We now see that the Select operator multiplies each kernel value by the input array shifted according to some function that is specified as an argument to convolve. Let’s consider a specific invocation:

kernel.Select((k, i) => k * ParallelArrays.Shift(a, i => new[] { 0, –i }));

Here we use a lambda expression to indicate the shift degree in the x-direction should match the index value of the current kernel element and the shift degree in the y-direction is always zero. This helps to implement a portion of a 1D convolution of a 2D input array as shown below.

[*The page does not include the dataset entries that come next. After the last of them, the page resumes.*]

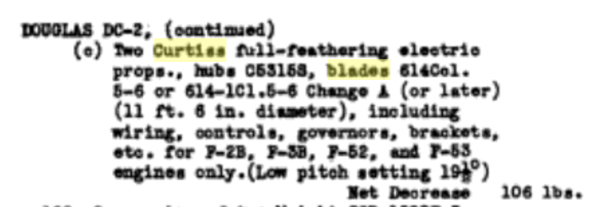 The engine does appear to be an early R-1820 with the ignition harness behind the push rods. I cannot find the details for the DC-2 (and derivatives) but the DC-3 TCDS does allow the use of 'Curtiss propellers, hubs C532D, blades 89305' which, I think, is a similar configuration. I also found this in another publication: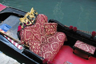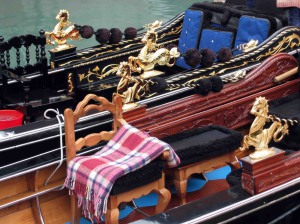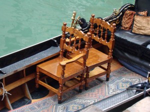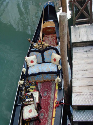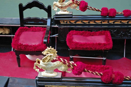 Chaque gondolier essaye de se distinguer par la somptuosité de l'aménagement intérieur de son embarcation.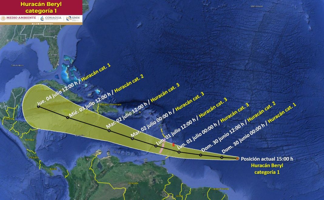 CIUDAD DE MÉXICO.- La tormenta tropical Beryl se ha intensificado a huracán de categoría 1 en la escala de Saffir-Simpson, su centro se localiza a más de 4 mil kilómetros al este de las costas de Quintana Roo.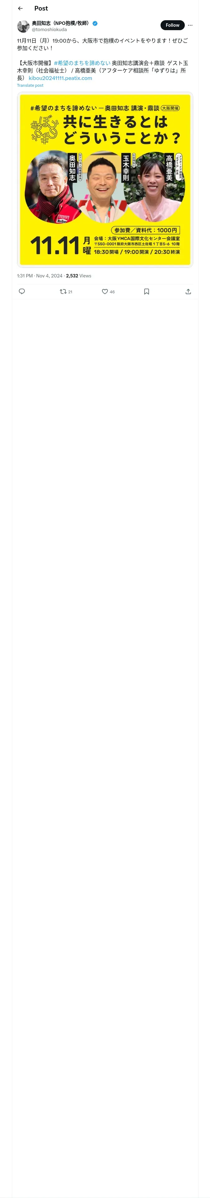 取得元URL: https://x.com:443/tomoshiokuda/status/1853294010057752644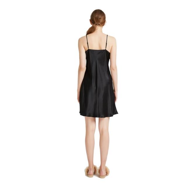 免運 免稅 蝶繡19姆米V領真絲睡裙女夏季桑蠶絲簡約家居服性感絲綢吊帶裙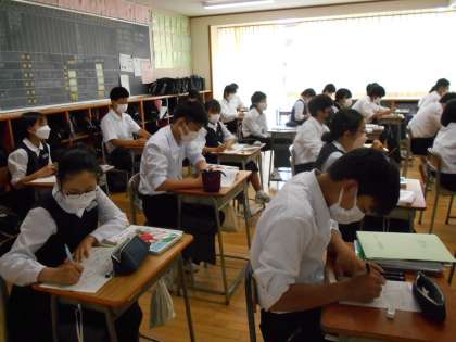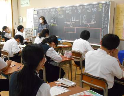 理科の授業では、硫酸+塩化バリウム、炭酸水素ナトリウム+塩化水素の化学式を作りながら、実験のまとめをしました。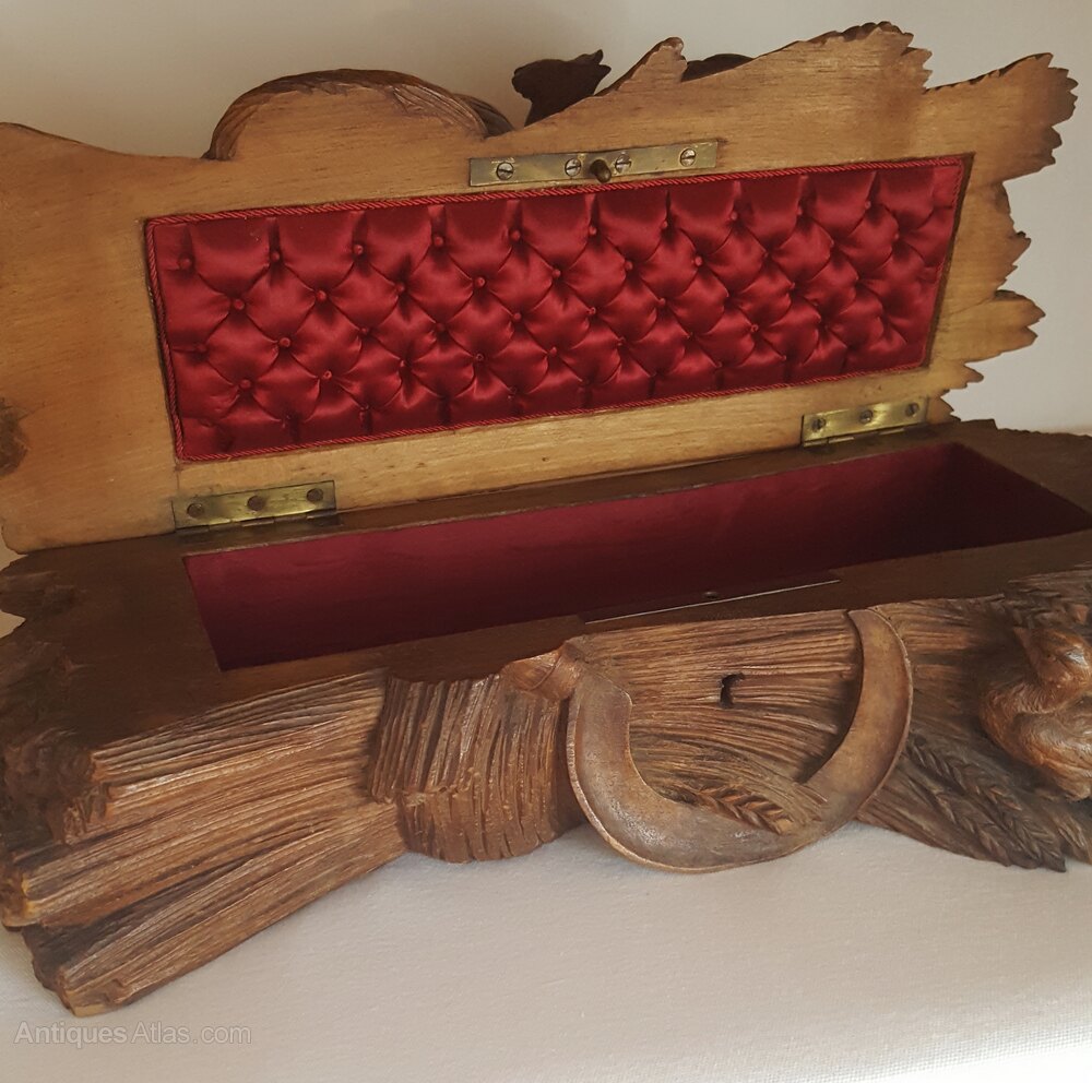 RARE VERY LARGE BLACK FOREST CARVED LINDEN WOOD JEWELLERY BOX C1890 BRIENZ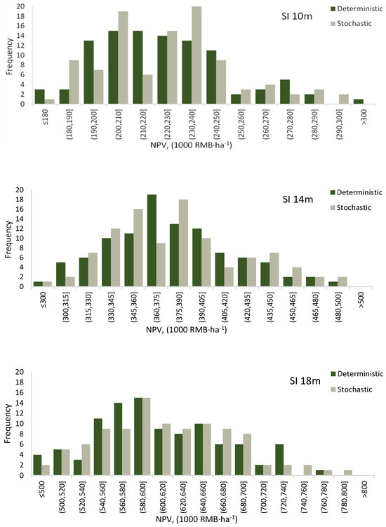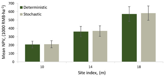 When the stochastic growth scenarios were stationary, the distributions of the NPVs calculated for the optimal management schedule indicate slight superiority of the stochastic optima; under the same set of growth and cone yield scenarios, the stochastic optima produced fewer poor outcomes (low NPVs) and a higher number of good outcomes (Figure 6). However, the superiority of the stochastic optima in the mean NPV of the 100 outcomes (Figure 7) was small, 0.4% in site index 10 m, and 0.9% in site indices 14 and 18 m.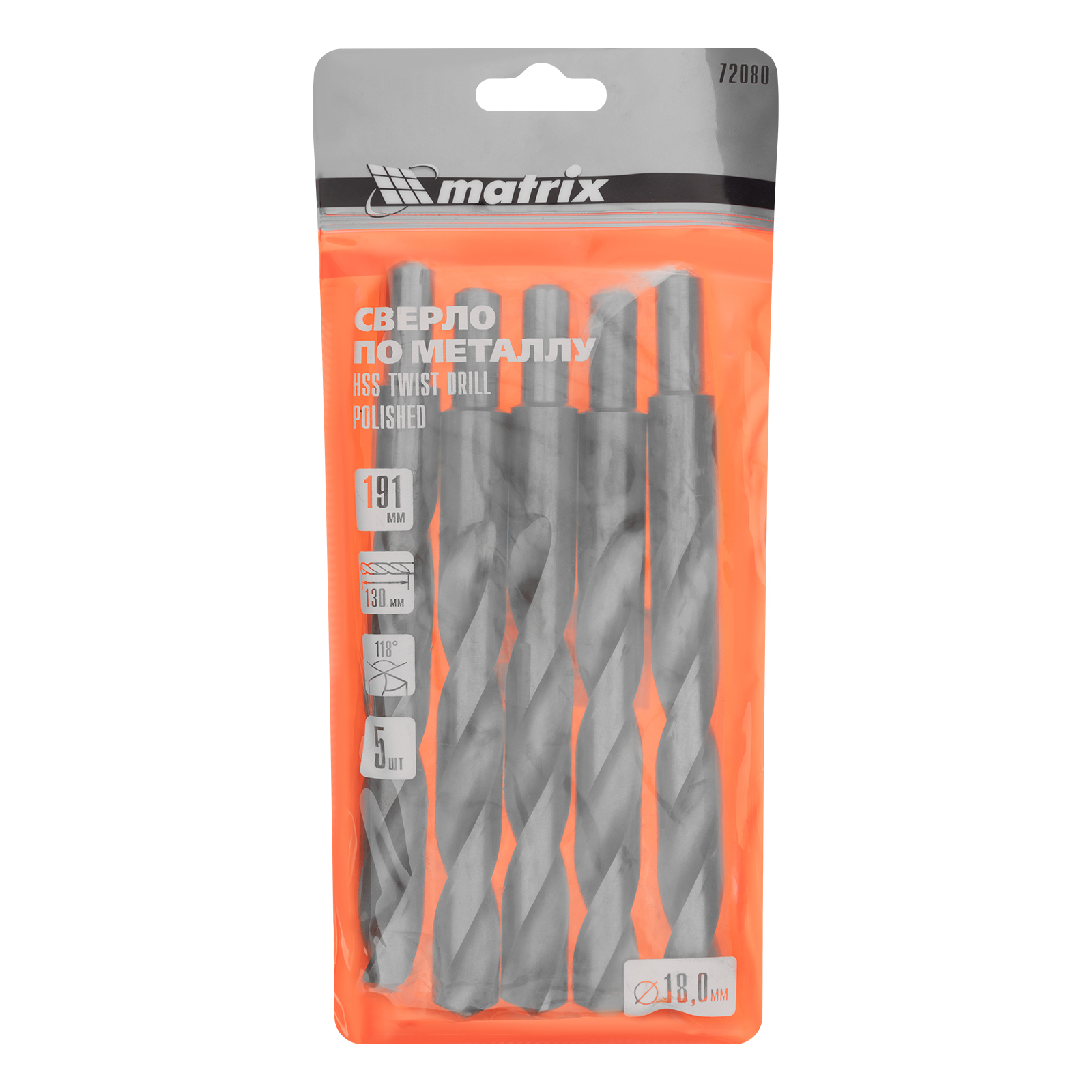 Полированное сверло по металлу Matrix 72080 из стали HSS, с цилиндрическим хвостовиком, 5 шт. в упаковке, используется для получения отверстий диаметром 18 мм. Угол заточки составляет 118°, поэтому сверло оптимально для работы с черными металлами, сталью, чугуном и твердой бронзой.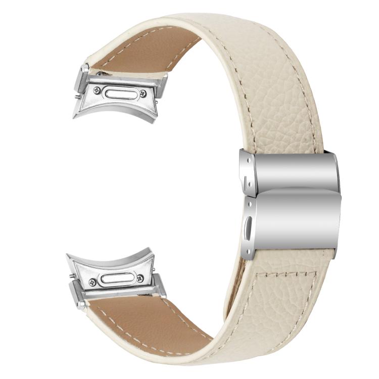 Correa de cuero con hebilla trasera de tortuga plateada y textura de lichi de liberación rápida para Samsung Galaxy Watch 7 de 40/44 mm (blanco cremoso)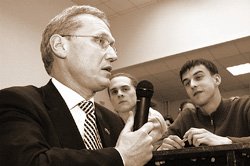 Псковская же аудитория посчитала, что НАТО со всеми ее демократическими ценностями служит лишь маской для хищных до нефти и прочих ресурсов американцев. Активно проявлявшие себя студенты исторического факультета выступили в роли главных обличителей военно-лицемерной организации Североатлантического договора. Но их достаточно аргументированный разнос был недостаточно силен для того, чтобы сломить сопротивление опытных дипломатов. Дипломаты, в конце концов, так же, как и студенты, читают российские газеты, смотрят телевизор и уже давно научились правильно отвечать на заранее известные вопросы.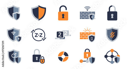 Secure digital icons collection featuring cybersecurity, data protection, and network security elements for modern business and technology applications

To complete the 1D convolution of the resulting collection of 2D arrays we need to add these arrays together in a point-wise manner. We can achieve this with the extension method Aggregate:

public static TSource Aggregate<TSource>  (this IEnumerable<TSource> source, Func<TSource, TSource, TSource> func);

The Aggregate extension method is very similar to a left fold in functional languages e.g. List.fold in F#. Informally, this method takes a collection of some values e.g. {A, B, C, D} and combines them with some operator, say ͦ, by computing ((A ͦB) ͦC) ͦ D). For example, we can specify the + operation to add up a collection of numbers {A, B, C, D} using Aggregate  which computes A + B + C + D. So to compute the sum of the collection of 2D arrays produced by the Selectoperator we simply need to apply the opertator with a lambda expression that adds two FloatParallelArrays. We simply used the + operator which is overloaded for FloatParallelArray.An example of the application of Aggregate to the result of the collection produced by the previous Select is shown below.

This completes the description of the convolve extension method which implements a 1D convolution of a 2D input array. Now we define a 2D convolution convolveXY extension method by specifying a convolution in the y-direction followed by a convolution in the x-direction:

static FloatParallelArray convolveXY(this FloatParallelArray input, float[] kernel)
{
    return input
        .convolve(i => new[] { -i, 0 }, kernel)
        .convolve(i => new[] { 0, -i }, kernel);
}

Note the use of anonymous array initializers i.e. the type of the two element arrays is not explicitly specified.

The Main method uses fairly straight forward C# code to create some test input data, create a DX9 Accelerator target and run and display the results. The code makes extensive use of var to infer the types of variables.

One advantage of making convolve and convolveXY into extension methods it that we can use the nice fluent style of composition which allows us to chain together transformations over collections of FloatParallelArrays.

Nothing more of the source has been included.